**Assignment**
The listing that follows should be copied in full and exactly, with no pictures.
━━ Supplied material
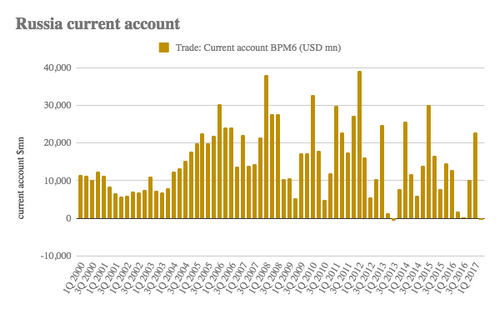 Indeed, as the economy starts to recover and the first green shoots of consumption recovery are showing, imports are rising again; Russia ran its first negative current account balance in the second quarter in years, albeit of only $300 million.
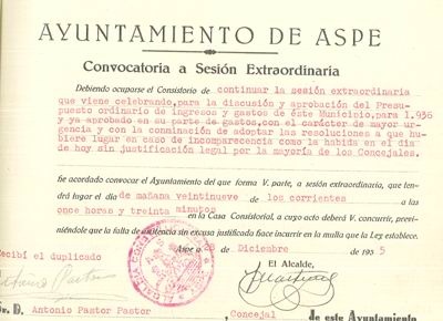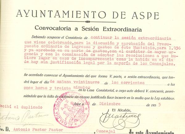 Presupuesto municipal ordinario del Ayuntamiento de Aspe para el año 1936
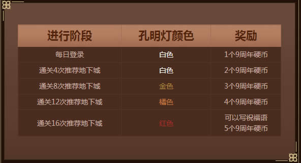5.通关16次推荐地下城红色可以写祝福语5个9周年硬币
━━━━
**Answer for the task**
 Indeed, as the economy starts to recover and the first green shoots of consumption recovery are showing, imports are rising again; Russia ran its first negative current account balance in the second quarter in years, albeit of only $300 million.
 Presupuesto municipal ordinario del Ayuntamiento de Aspe para el año 1936
5.通关16次推荐地下城红色可以写祝福语5个9周年硬币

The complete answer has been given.